Read the user interface section of the FAQ for clues on how to use the Virtual Lab.

Below is a list of the various pieces of furniture and equipment used in this experiment. Each item links to its entry in the Simzymes catalog, where you may find further information about that item and how to use it.

## Protocol

You may want to print this protocol so you don't have to keep flipping back and forth between windows.

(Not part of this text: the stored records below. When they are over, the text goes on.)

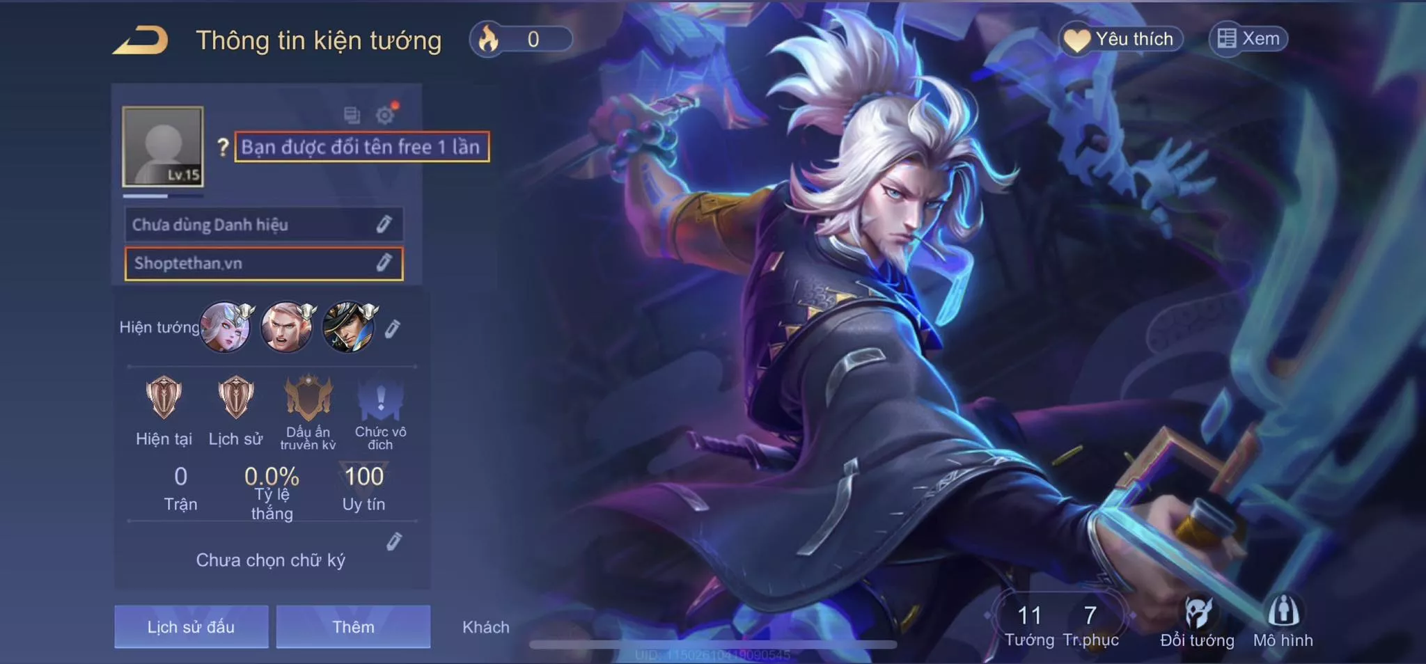 MUA ACC REG TRẮNG THÔNG TIN | NICK LIÊN QUÂN REG (LẺ 1 SKIN)
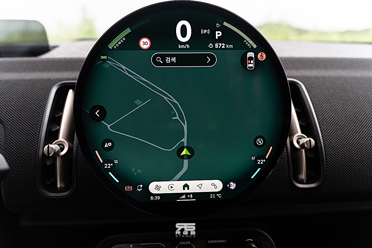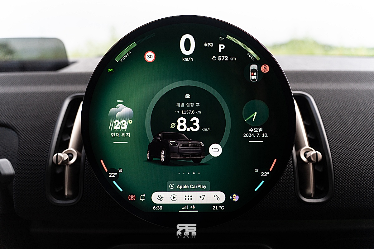 그리고, 원형 OLED 는 슬림하면서도 미니만의 아이덴티티를 잘 유지하고 있으며, 선명하면서도 터치 반응이 빠르며, 원하는 이미지를 띄워놓을 수 있어서 개인화 세팅을 할 수 있다는 점 역시 마음에 드는데, 8가지 미니 익스피리언스 모드를 통해 디자인과 느낌을 완전히 바꿀 수 있다. 이 외에도 T-map 이 기본 제공되며, 무선 애플 카플레이, 안드로이드 오토 등을 활용해 사용하기 더욱 쉽고, 미니 커넥티드(MINI Connected, 유료) 를 사용하면 정차시 게임과 비디오 스트리밍 등의 확장된 기능을 사용할 수 있다.
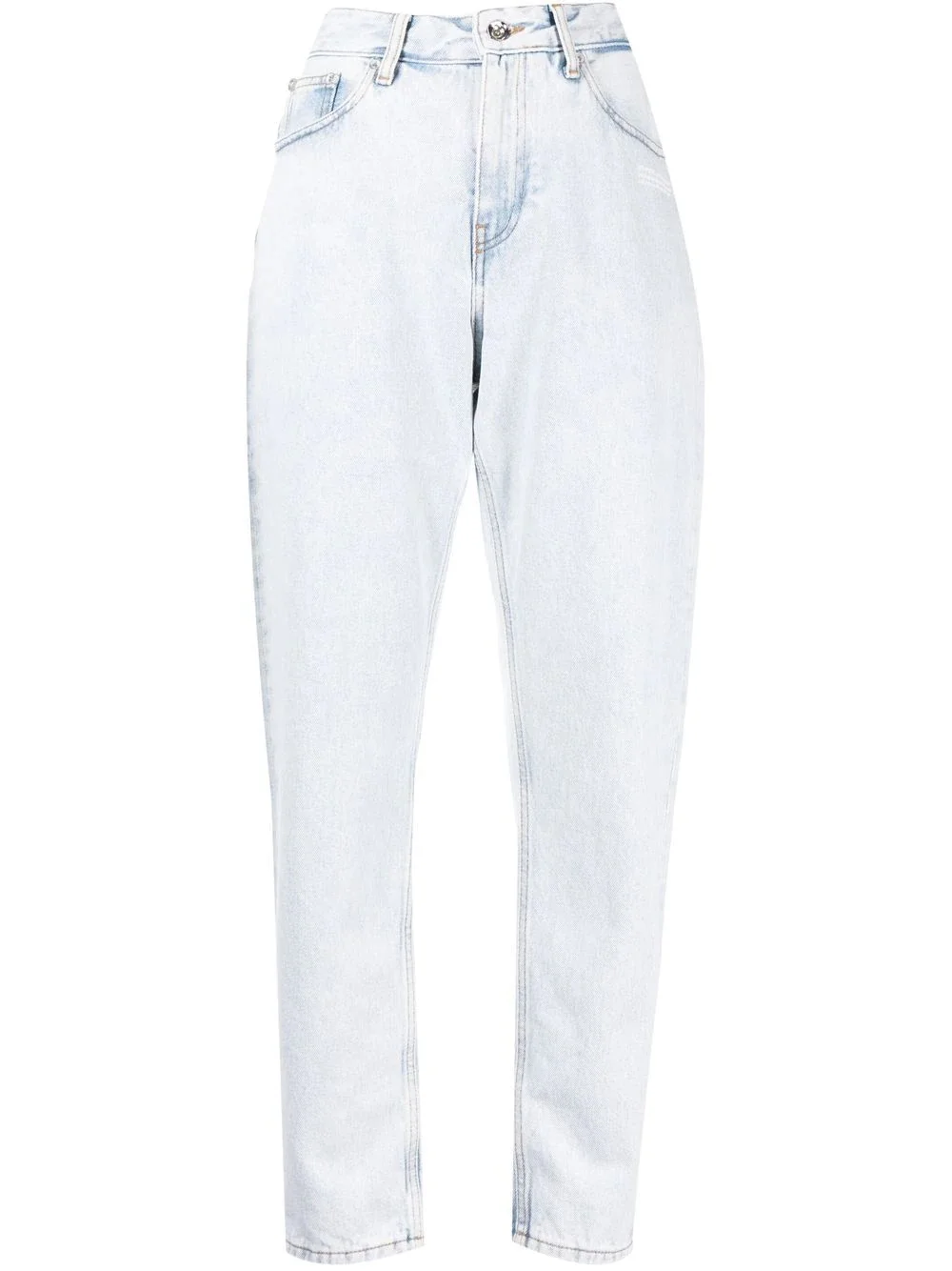 high-rise tapered jeans Off-White's jeans riff on 1980s styles. This light blue pair has a relaxed high-rise silhouette that tapers at the ankles. Made in Italy Composition Cotton 100% Washing instructions Dry Clean Only
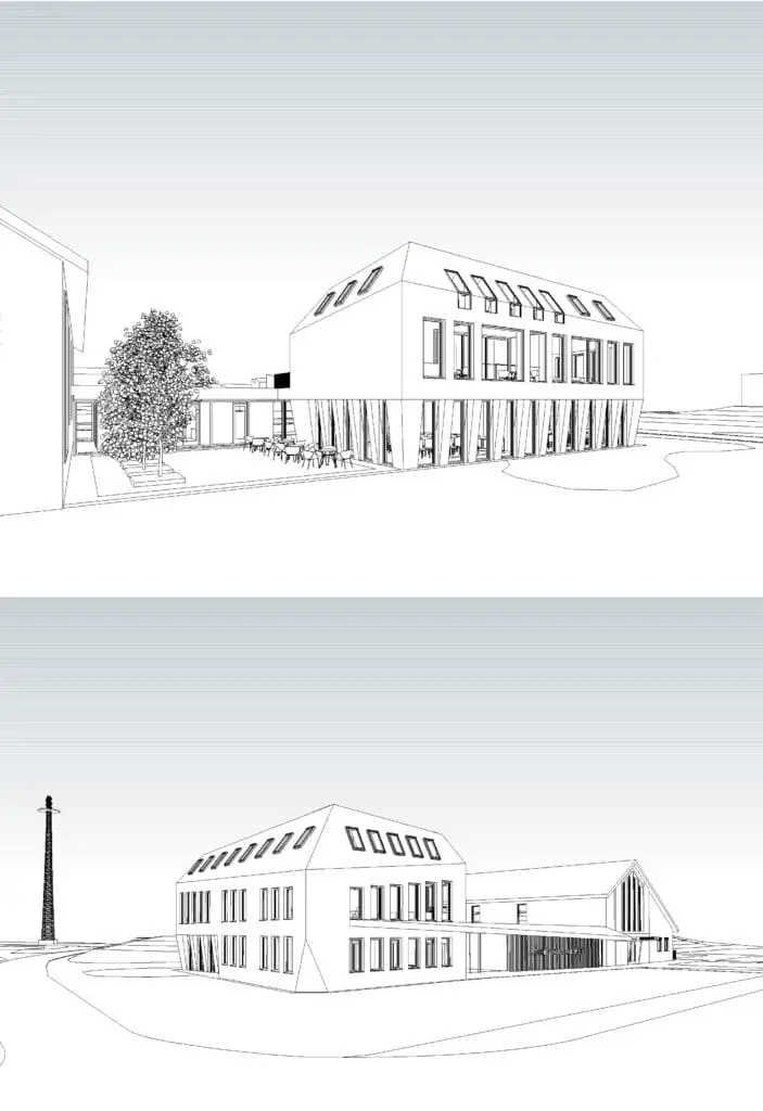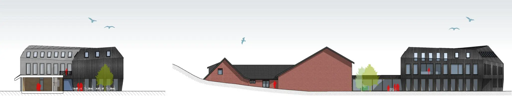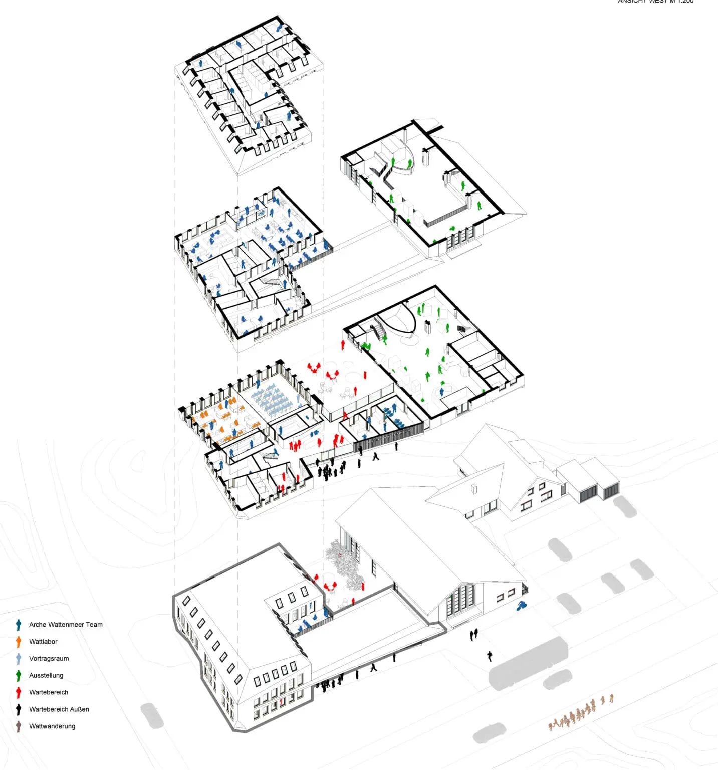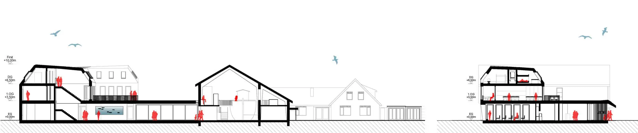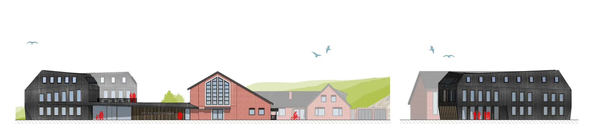 Für die Erweiterung der Arche Wattenmeer wurde ein aus Schiffselementen und geneigten Dächern geformtes Gebäude entwickelt, das die Idee der „Arche“ als rettendes Schiff nach außen verkörpert. Die Identität des Standortes bekommt mit diesem ikonografischen Gebäude ein weiteres Highlight, dass der Brisanz der Inhalte Rechnung trägt. Die nachhaltige Holzkonstruktion unterstützt das Gesamtkonzept. Das vorgegebene Grundstück ermöglicht es mit seiner spitz zulaufenden Form das Gebäude straßenbegleitend an beiden Straßen zu entwickeln und die südliche Ecke in Richtung Hörnum zu betonen. Um ausreichende Distanz und eine angemessene Baumassenwahrnehmung im Verhältnis zum bestehenden Hauptgebäude zu erreichen, wird eine giebelständige Anordnung gewählt. Dies ist durch die Organisation der Gebäudekörper als Winkel möglich. Auch wird die maximale Firsthöhe von 10m eingehalten. Der Verbinder zum Bestandsgebäude wird als Flachdach ausgeführt und auch für die Erschließungsbereiche auf dem eigenen Grundstück genutzt. Das neue Vordach ermöglicht es eine Verbindung zum bestehenden Eingang des Bestandsgebäudes herzustellen und den Besucher in den neuen Eingangsbereich zu führen. Das gesamte Gebäude ist in Holzbauweise konzipiert. Dies spiegelt sich in der konstruktiven Ausführung wie auch in der Fassade wider. Die Fassade und die Schrägen der Dachflächen bestehen aus senkrechter Kiefernholz-Schalung, die nach Yakisugi-Methode kontrolliert verkohlt und dann geölt wurde. Durch diese Methode erreicht das Holz einen UV- und Witterungsschutz die eine schimmernde Farbgebung von schwarz bis silbrig erhält. Die Fenster werden als Holz-Alufester und auf der Innenseite mit Kiefernholz in Natur ausgeführt. Das flache Dach auf der Oberseite wird mit schwarzen PV-Modulen vollflächig belegt. Alle Innenwände und Decken werden aus Kiefernholz unbehandelt und sichtbar hergestellt, um mit dem Duft des Holzes die Naturverbundenheit der Anlage zu verdeutlichen.

1. Note the tube racks on the benchtop. The upper one is labelled 'acid and base'; zoom in to read the tube labels, and see that the rack has one tube of 1M HCL, one tube of 1M NaOH, and two tubes of water. The lower rack is labelled 'dilutions', and is filled with empty tubes labelled 1 through 12.
2. Put 45 µl of water in each of tubes 1 through 12. There are more tubes of water in the first drawer if you need them.
3. Add 5 µl of 1M HCl to tube 1.
4. Take 5 µl of the solution from tube 1. Transfer it to tube 2.
5. Transfer 5 µl from tube 2 to tube 3.
6. Transfer 5 µl from tube 3 to tube 4.
7. Continue transferring 5 µl from each tube to the next highest numbered tube, until you reach the last tube (12).
8. Take 5 µl from tube 12, and throw it away by disposing of the pipette tip in the waste can. Each tube should now contain 45 µl of HCl solution, in varying concentrations.
9. Calculate the concentration of HCl in each tube. Write these expected concentrations in your notebook.
10. Based on the concentration of HCl, estimate the pH you expect to find for each tube.
11. Find the pH meter in the second drawer (next to the felt marker). Measure the pH of each tube by dragging the pH meter until the tip of the probe is over the tube, then drop it into the tube. It will display the pH of the solution.
12. Record your results in a table with columns for tube number, concentration of HCl, expected pH, and measured pH.

## Discussion Topics

• Do you notice a suspicious correlation between tube number and pH? How do you explain this? Does it hold for all values of pH? Why (or why not)?
• On the shelf is a rack containing six unknown samples labelled 'U1' through 'U6'. Which are acids, and which are bases? Can you design a titration experiment to measure the number of equivalents of each? How could you determine their pKa values using just what you have in the lab?
• You will find a variety of acids and bases in the drawers of the second bench unit. Can you think of other pH-related experiments you could do using these chemicals?
• What aspects of the virtual lab are different from what you would expect in a real lab?